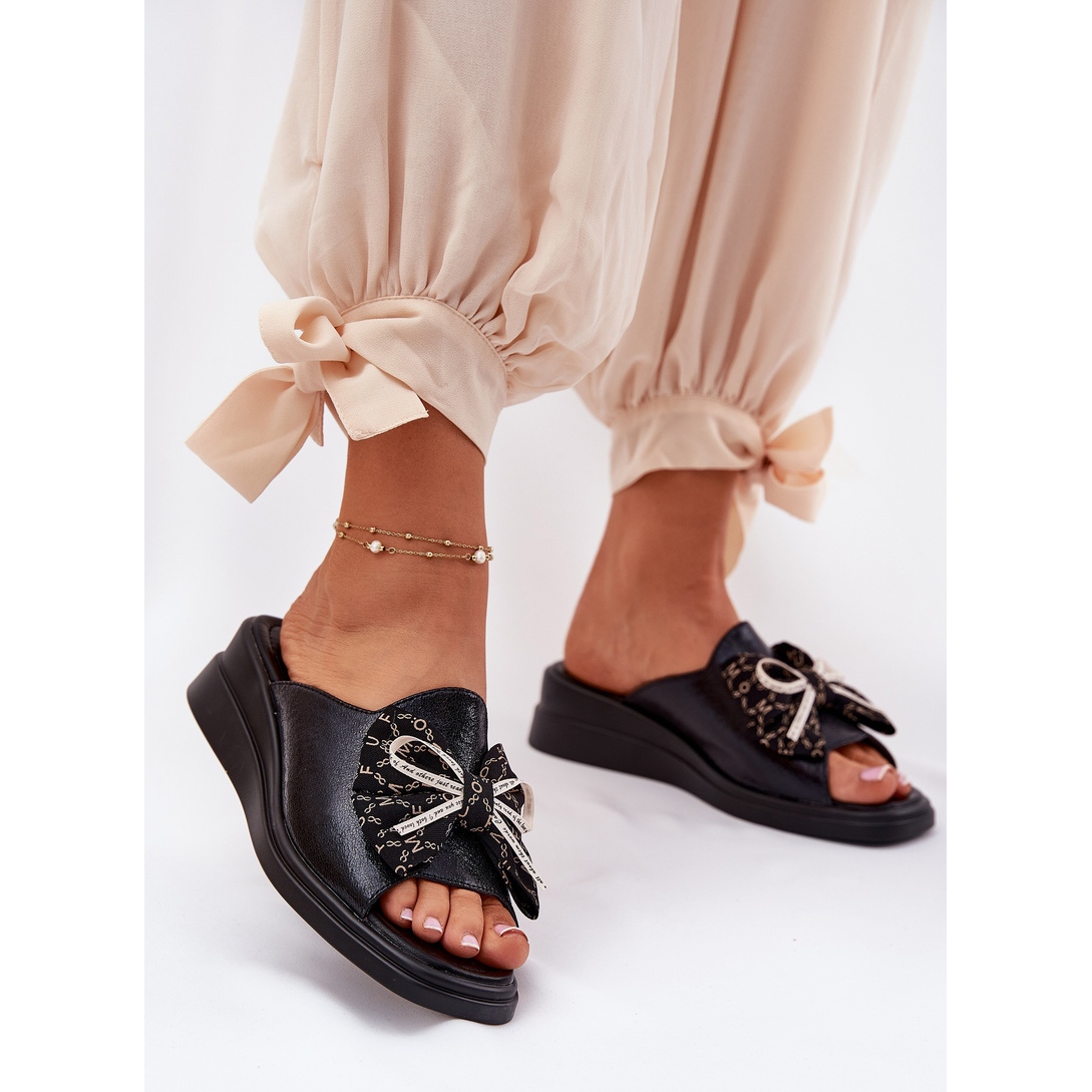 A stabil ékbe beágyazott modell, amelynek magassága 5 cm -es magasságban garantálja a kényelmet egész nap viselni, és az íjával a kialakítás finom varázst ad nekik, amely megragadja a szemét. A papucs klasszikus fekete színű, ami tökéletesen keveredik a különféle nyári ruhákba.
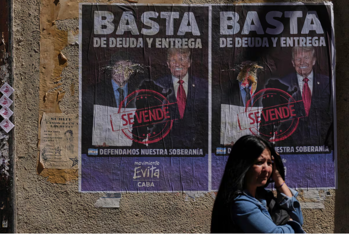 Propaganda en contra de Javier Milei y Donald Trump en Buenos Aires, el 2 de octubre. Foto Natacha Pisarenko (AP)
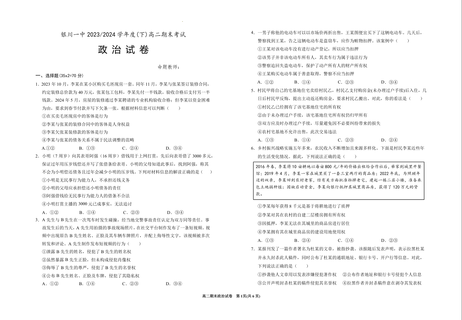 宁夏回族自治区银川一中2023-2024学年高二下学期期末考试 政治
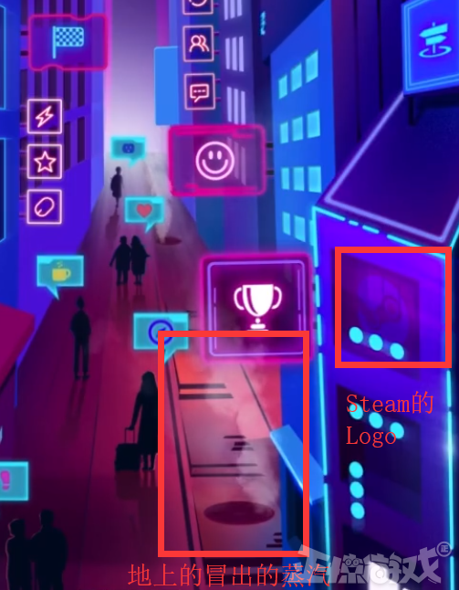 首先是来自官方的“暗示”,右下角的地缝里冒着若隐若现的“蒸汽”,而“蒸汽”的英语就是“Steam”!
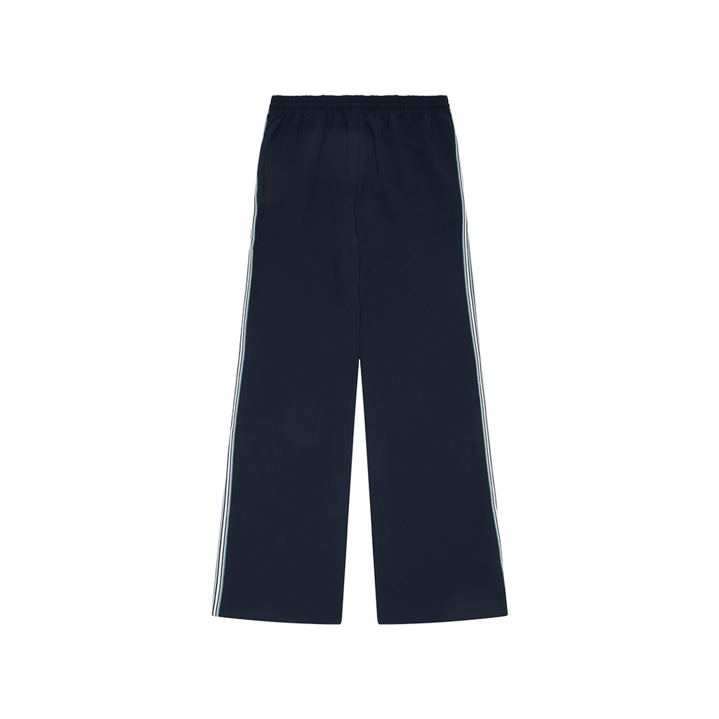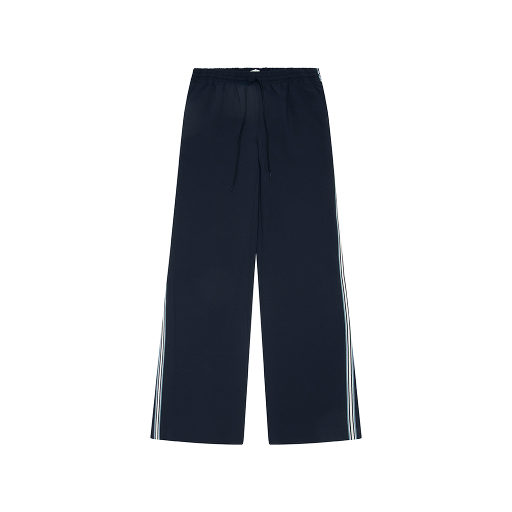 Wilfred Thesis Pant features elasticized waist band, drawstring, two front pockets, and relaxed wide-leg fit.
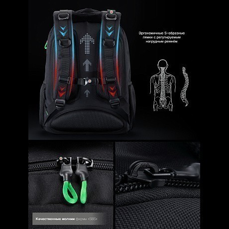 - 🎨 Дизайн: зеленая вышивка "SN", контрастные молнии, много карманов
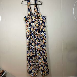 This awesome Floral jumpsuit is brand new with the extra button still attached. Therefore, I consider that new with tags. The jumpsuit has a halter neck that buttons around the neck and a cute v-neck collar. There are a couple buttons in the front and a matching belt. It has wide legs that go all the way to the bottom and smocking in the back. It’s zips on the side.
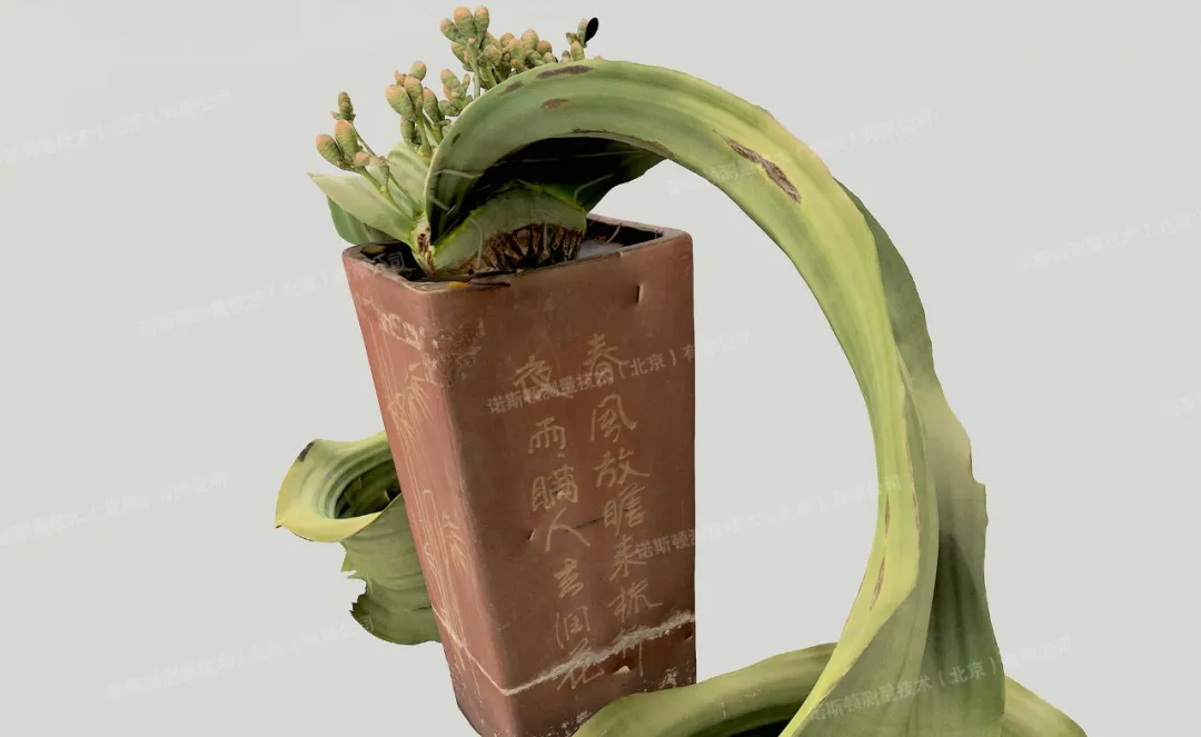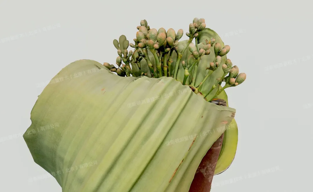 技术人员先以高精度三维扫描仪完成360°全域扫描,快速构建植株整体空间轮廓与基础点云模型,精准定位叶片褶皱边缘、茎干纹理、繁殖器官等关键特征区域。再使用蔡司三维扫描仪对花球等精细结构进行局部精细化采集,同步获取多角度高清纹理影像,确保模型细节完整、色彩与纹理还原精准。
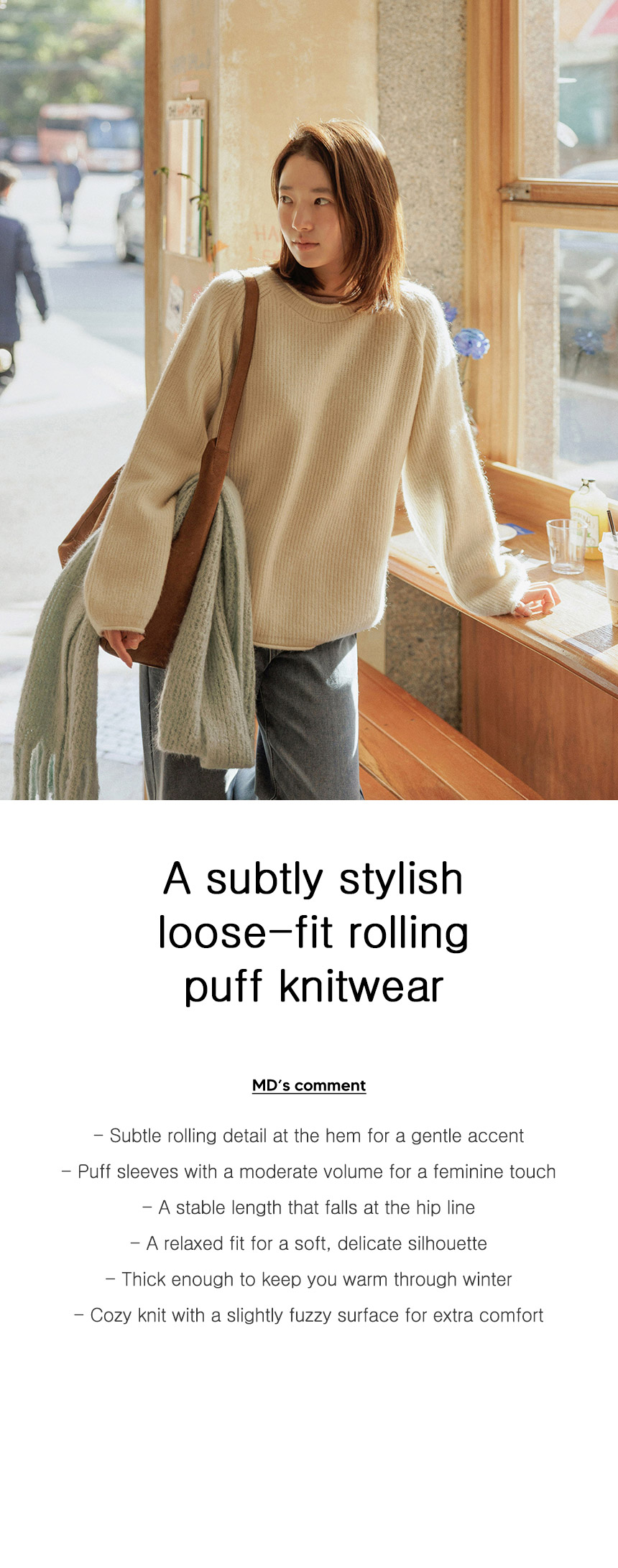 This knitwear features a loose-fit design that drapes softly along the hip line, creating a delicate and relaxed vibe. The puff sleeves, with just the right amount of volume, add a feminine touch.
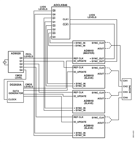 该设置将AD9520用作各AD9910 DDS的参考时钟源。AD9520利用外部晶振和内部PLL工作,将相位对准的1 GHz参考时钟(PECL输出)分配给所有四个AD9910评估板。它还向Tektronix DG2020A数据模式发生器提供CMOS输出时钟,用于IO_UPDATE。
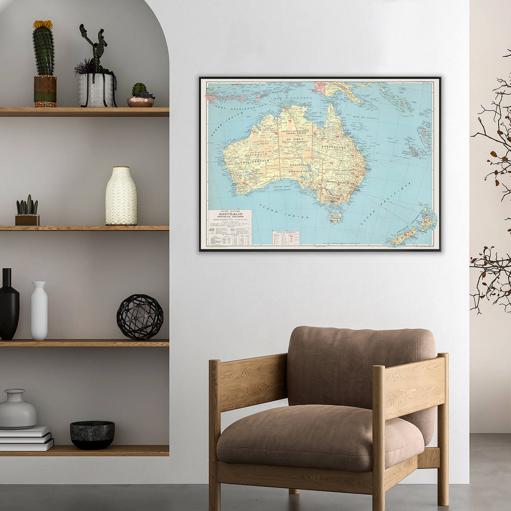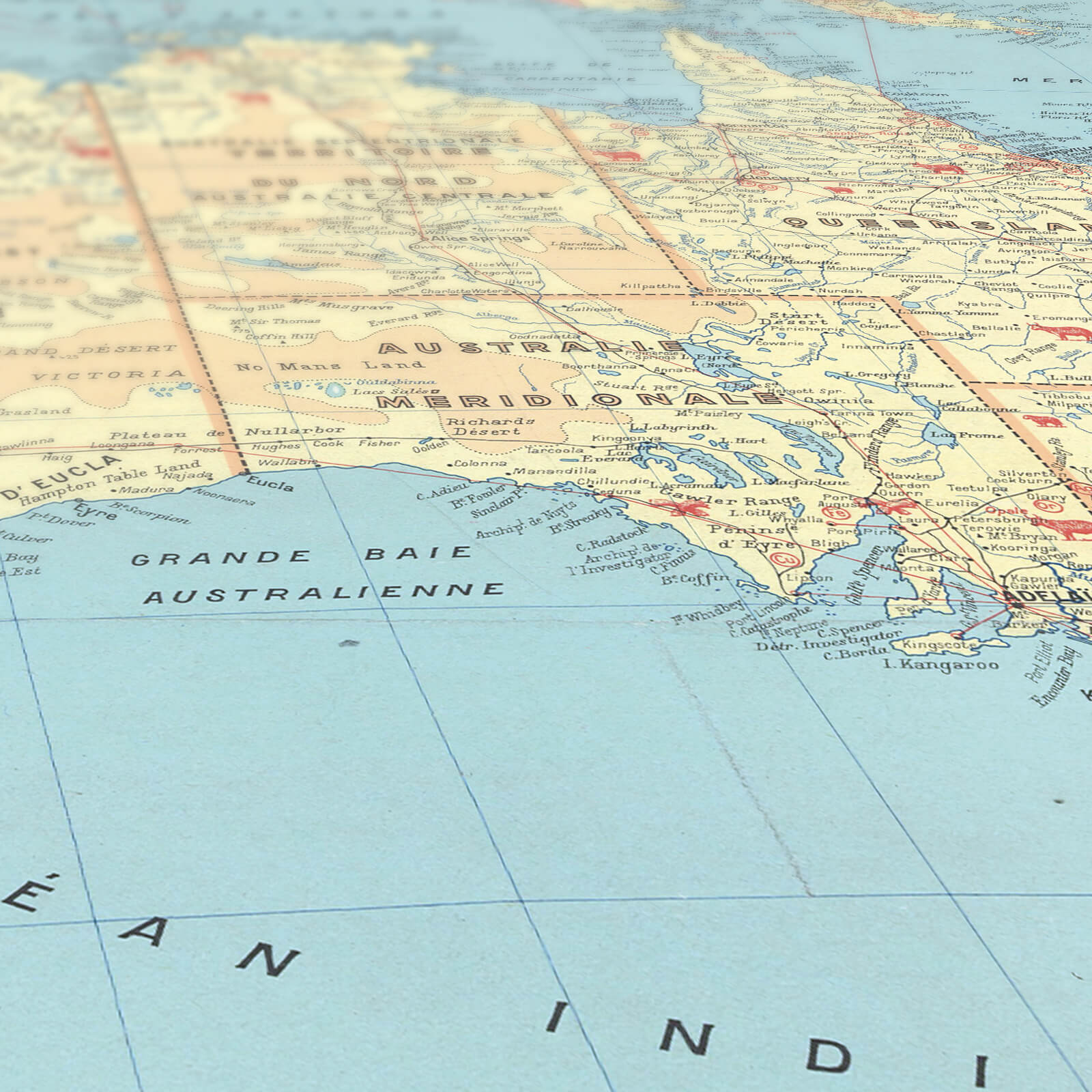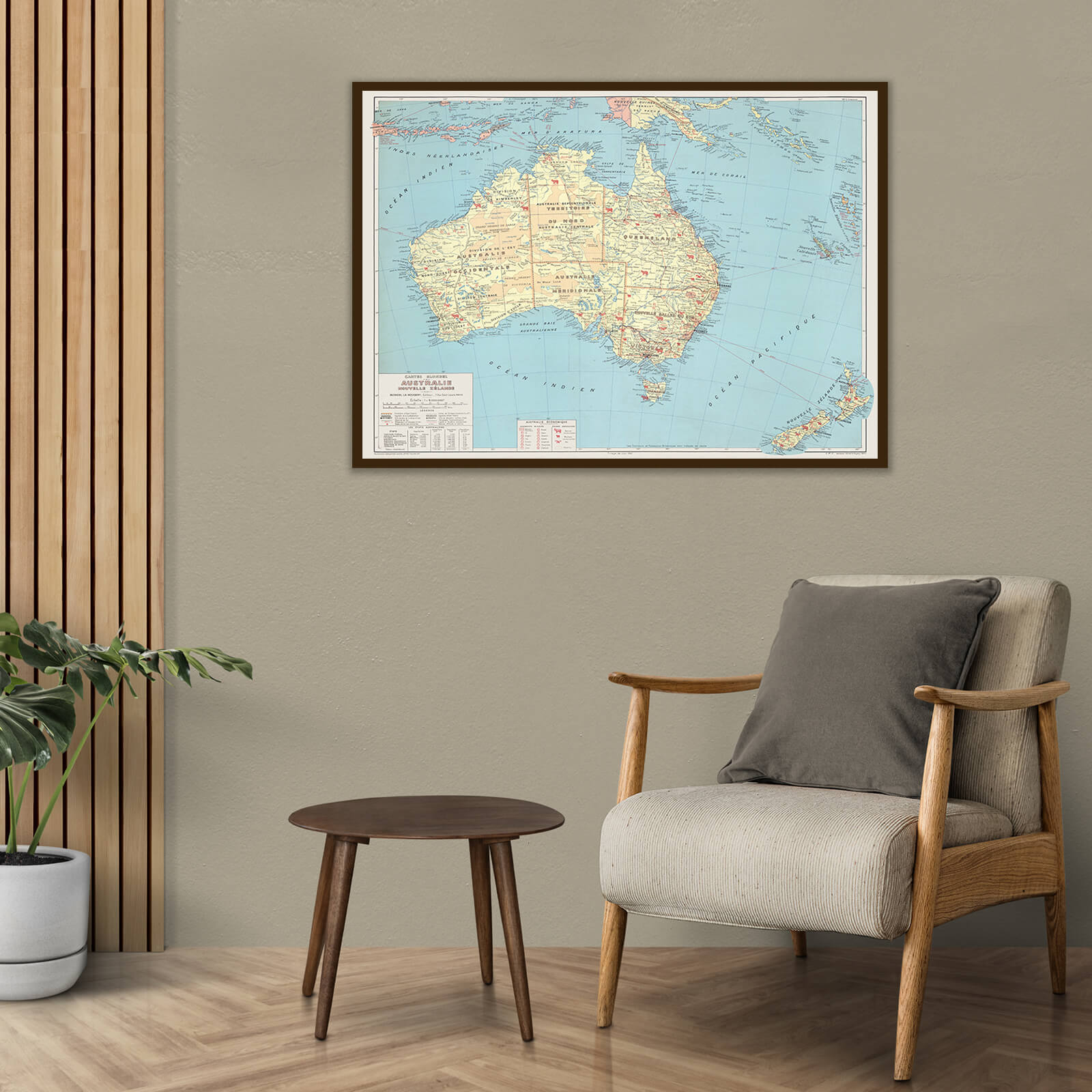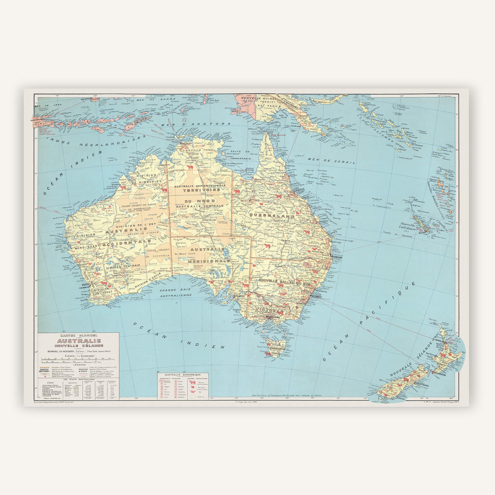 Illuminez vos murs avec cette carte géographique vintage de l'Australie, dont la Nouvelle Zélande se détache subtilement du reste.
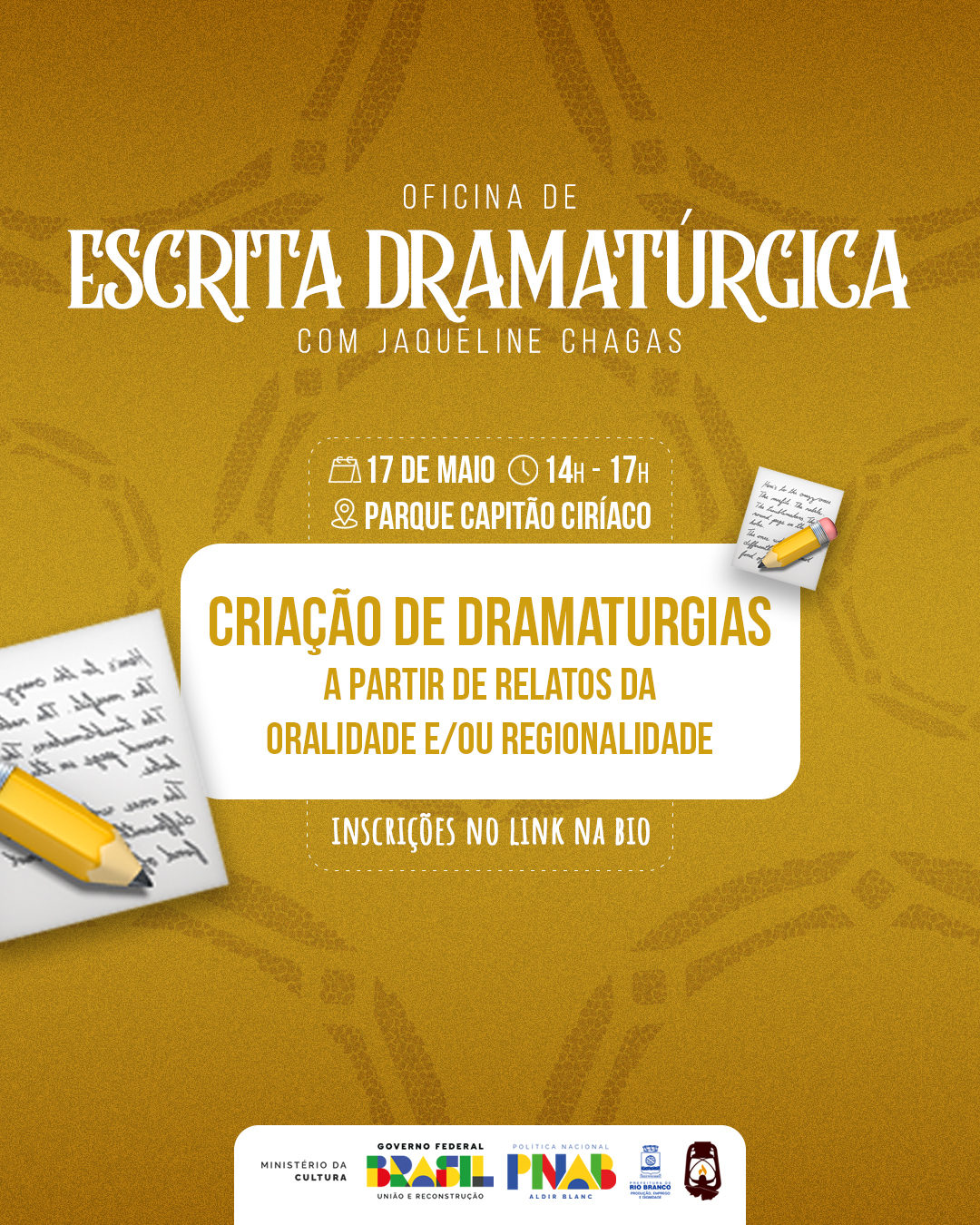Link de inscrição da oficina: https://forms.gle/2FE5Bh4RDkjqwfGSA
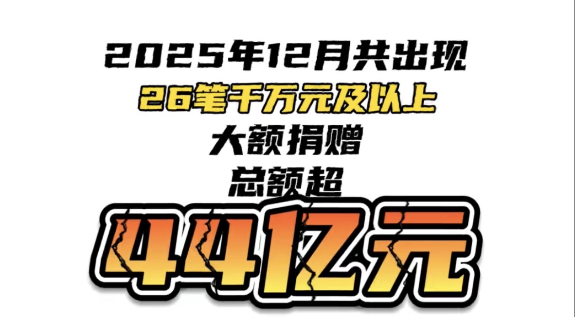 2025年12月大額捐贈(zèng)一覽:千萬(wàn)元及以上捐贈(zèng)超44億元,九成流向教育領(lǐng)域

====

Exercise instructions - Any pictures are to be skipped, and the lines from the beginning of the entries through the line with "技术人员先以高精度三维扫描仪" copied exactly.

Reply to the exercise -
 A stabil ékbe beágyazott modell, amelynek magassága 5 cm -es magasságban garantálja a kényelmet egész nap viselni, és az íjával a kialakítás finom varázst ad nekik, amely megragadja a szemét. A papucs klasszikus fekete színű, ami tökéletesen keveredik a különféle nyári ruhákba.
 Propaganda en contra de Javier Milei y Donald Trump en Buenos Aires, el 2 de octubre. Foto Natacha Pisarenko (AP)
 宁夏回族自治区银川一中2023-2024学年高二下学期期末考试 政治
 首先是来自官方的“暗示”,右下角的地缝里冒着若隐若现的“蒸汽”,而“蒸汽”的英语就是“Steam”!
 Wilfred Thesis Pant features elasticized waist band, drawstring, two front pockets, and relaxed wide-leg fit.
 - 🎨 Дизайн: зеленая вышивка "SN", контрастные молнии, много карманов
 This awesome Floral jumpsuit is brand new with the extra button still attached. Therefore, I consider that new with tags. The jumpsuit has a halter neck that buttons around the neck and a cute v-neck collar. There are a couple buttons in the front and a matching belt. It has wide legs that go all the way to the bottom and smocking in the back. It’s zips on the side.
 技术人员先以高精度三维扫描仪完成360°全域扫描,快速构建植株整体空间轮廓与基础点云模型,精准定位叶片褶皱边缘、茎干纹理、繁殖器官等关键特征区域。再使用蔡司三维扫描仪对花球等精细结构进行局部精细化采集,同步获取多角度高清纹理影像,确保模型细节完整、色彩与纹理还原精准。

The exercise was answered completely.